What Mrs. Fisher Knows about Old Southern Cooking 
Reviews
This reprint of "What Mrs. Fisher Knows" was brought into being by Karen Hess. Hess has provided an informative introduction to the recipes (which are reproduced in their entirety), explaining many 19th century cooking concepts which may be unfamiliar to the modern cook and providing as much of Abby Fisher's story as can be found. In Fisher's original text it is interesting to see some of the earliest known written recipes for several dishes and to discover others which are almost unknown today. Fisher's original recipes are typical of 19th century (and earlier) cookbooks. Each recipe is several sentences in a single paragraph, with no separate ingredient list. In many cases it is assumed that the cook will know how to prepare something that is taken as a given in the recipe. This is a cookbook from a time when all cooking was "from scratch", when there were few labor-saving kitchen gadgets, and printed books were luxury items. It is not a step-by-step cookbook. [For that, see Chef Paul Prudhomme or Southern Living.]
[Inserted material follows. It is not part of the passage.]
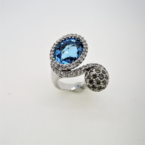 > K18WGブル-トパ-ズ(5.84ct)・ダイヤモンド(1.19ct)リング
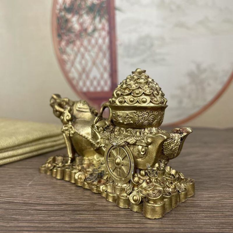 こちらは、力強く宝車を引く「金牛(きんぎゅう)」が主役の縁起置物です。純黄銅で作られたこの作品は、「財を引き寄せ、家に富をもたらす」と信じられており、古くから中国風水における招財吉祥物の一つとして親しまれてきました。

"Good Things to Eat" by Rufus Estes is sometimes called the first cookbook written by an African-American. "What Mrs. Fisher Knows" was published thirty years earlier. (It could be said that Mrs. Fisher, a former slave, did not actually "write" the book as she evidently did not know how to write; she dictated the recipes to a member of the Women's Cooperative Printing Office in San Francisco which published the work in 1881.)
(The editor, Karen Hess has done similar work on Mary Randolph's "The Virginia Housewife" and "Martha Washington's Booke of Cookery and Booke of Sweetmeats".)